Thanks! I always forget about WR planes since I have to drive up to OC for the nearest Woodcraft about an hour and a half drive.


----------



## RichT (Oct 14, 2016)

> Thanks, I appreciate the thoughts! I ll help walk it back to just decent-the dimensions are a little wonky and the acrylic is too small to see how the bit lines up when placing the track. For a hack with scrap, it works as a prototype. I gave up trying to get a jig right on the first try.
> 
> - MarkCh


Pretty much every jig or fixture I build that I intend for long-term use gets a second iteration before I'm happy with it. That jig I posted the link to was one of them.

Regarding material to make it, anything that's straight and stable will do. There's not a lot of drag on the guide bushing, so don't worry about that part. Your engineered wood will be an excellent choice.


----------



## RichT (Oct 14, 2016)

One more thing. Since you're new to guide bushings, the math is simple, but not always obvious if you haven't used them. If you notice in the WOOD Magazine article, they're using a 1" O.D. bushing with a 1/2" bit. That'll work just fine as long as you maintain that combination. It means there is a 1/4" difference between the bushing and the cut (1" - 1/2" divided by two). Say you needed to cut a groove narrower than 1/2", you could use a 1/4" bit with a 3/4" O.D. bushing. Basically any bushing and bit combination with a 1/2" delta will work.

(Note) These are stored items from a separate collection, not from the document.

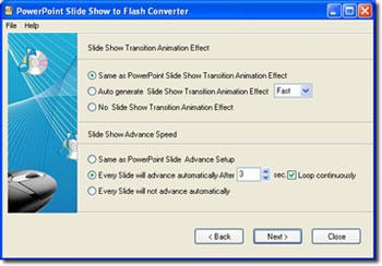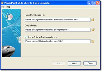 PowerPoint Slide Show to Flash Converter là phần mềm chuyên dụng, được thiết kế để chuyển đổi các tập tin trình chiếu PowerPoint (PPT) sang định dạng Flash SWF. SWF là một định dạng độc lập, tương thích rộng rãi trên nhiều nền tảng.
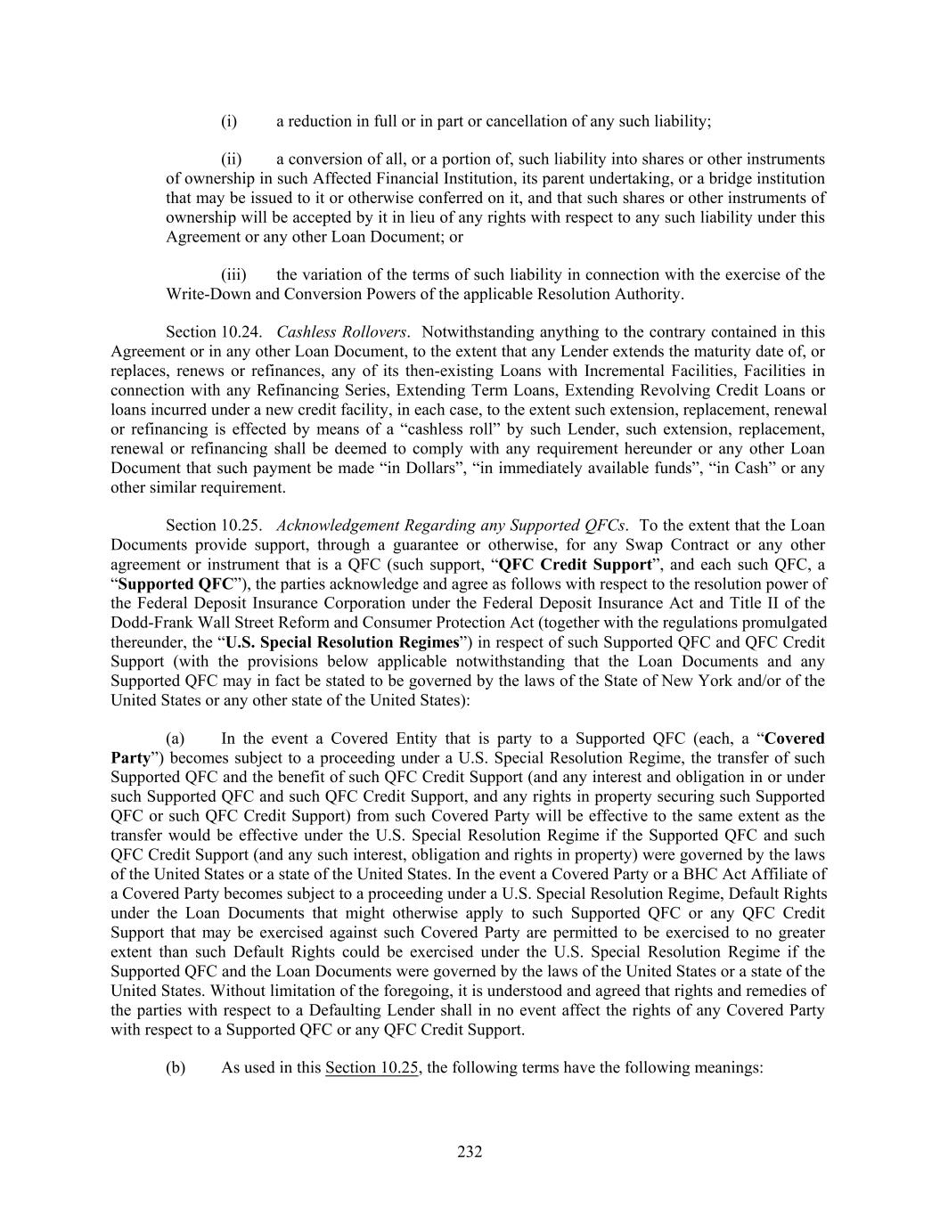 (i) a reduction in full or in part or cancellation of any such liability;(ii) a conversion of all, or a portion of, such liability into shares or other instrumentsof ownership in such Affected Financial Institution, its parent undertaking, or a bridge institutionthat may be issued to it or otherwise conferred on it, and that such shares or other instruments ofownership will be accepted by it in lieu of any rights with respect to any such liability under thisAgreement or any other Loan Document; or(iii) the variation of the terms of such liability in connection with the exercise of theWrite-Down and Conversion Powers of the applicable Resolution Authority.Section 10.24. Cashless Rollovers. Notwithstanding anything to the contrary contained in thisAgreement or in any other Loan Document, to the extent that any Lender extends the maturity date of, orreplaces, renews or refinances, any of its then-existing Loans with Incremental Facilities, Facilities inconnection with any Refinancing Series, Extending Term Loans, Extending Revolving Credit Loans orloans incurred under a new credit facility, in each case, to the extent such extension, replacement, renewalor refinancing is effected by means of a “cashless roll” by such Lender, such extension, replacement,renewal or refinancing shall be deemed to comply with any requirement hereunder or any other LoanDocument that such payment be made “in Dollars”, “in immediately available funds”, “in Cash” or anyother similar requirement.Section 10.25. Acknowledgement Regarding any Supported QFCs. To the extent that the LoanDocuments provide support, through a guarantee or otherwise, for any Swap Contract or any otheragreement or instrument that is a QFC (such support, “QFC Credit Support”, and each such QFC, a“Supported QFC”), the parties acknowledge and agree as follows with respect to the resolution power ofthe Federal Deposit Insurance Corporation under the Federal Deposit Insurance Act and Title II of theDodd-Frank Wall Street Reform and Consumer Protection Act (together with the regulations promulgatedthereunder, the “U.S. Special Resolution Regimes”) in respect of such Supported QFC and QFC CreditSupport (with the provisions below applicable notwithstanding that the Loan Documents and anySupported QFC may in fact be stated to be governed by the laws of the State of New York and/or of theUnited States or any other state of the United States):(a) In the event a Covered Entity that is party to a Supported QFC (each, a “CoveredParty”) becomes subject to a proceeding under a U.S. Special Resolution Regime, the transfer of suchSupported QFC and the benefit of such QFC Credit Support (and any interest and obligation in or undersuch Supported QFC and such QFC Credit Support, and any rights in property securing such SupportedQFC or such QFC Credit Support) from such Covered Party will be effective to the same extent as thetransfer would be effective under the U.S. Special Resolution Regime if the Supported QFC and suchQFC Credit Support (and any such interest, obligation and rights in property) were governed by the lawsof the United States or a state of the United States. In the event a Covered Party or a BHC Act Affiliate ofa Covered Party becomes subject to a proceeding under a U.S. Special Resolution Regime, Default Rightsunder the Loan Documents that might otherwise apply to such Supported QFC or any QFC CreditSupport that may be exercised against such Covered Party are permitted to be exercised to no greaterextent than such Default Rights could be exercised under the U.S. Special Resolution Regime if theSupported QFC and the Loan Documents were governed by the laws of the United States or a state of theUnited States. Without limitation of the foregoing, it is understood and agreed that rights and remedies ofthe parties with respect to a Defaulting Lender shall in no event affect the rights of any Covered Partywith respect to a Supported QFC or any QFC Credit Support.(b) As used in this Section 10.25, the following terms have the following meanings:232
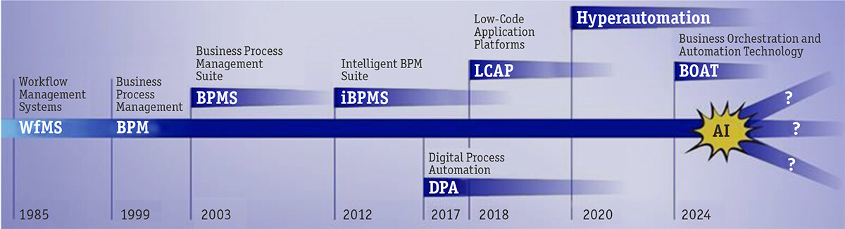 В конце концов, попытались вбросить новый термин — BOAT (Business Orchestration and Automation Technologies), но в эту «лодку» уже никто не захотел садиться, термин звучал уж совсем вымучено.

I always use a 5/8" bushing with a 1/2" bit. It's something I just leave on one of my routers since I use it so often. Most templates for things like hinge mortising use that set up, so it's pretty much my standard go-to choice.


----------



## MarkCh (Jul 7, 2020)

I appreciate the advice - since I only trust my measurements for the most imprecise of steps, when thinking through the jig construction I figured I would cut an oversized rabbet (depth), then trim off the excess with a bushing+spiral bit. Or is this destined to fail?


----------



## RichT (Oct 14, 2016)

> I appreciate the advice - since I only trust my measurements for the most imprecise of steps, when thinking through the jig construction I figured I would cut an oversized rabbet (depth), then trim off the excess with a bushing+spiral bit. Or is this destined to fail?
> 
> - MarkCh


That's the right way to do it. I mentioned it in my project post but didn't explain it very well, but I cut my replaceable strips for the legs 1/8" oversize so I could use the bushing and bit to trim it to exactly 1/16" of an inch.


----------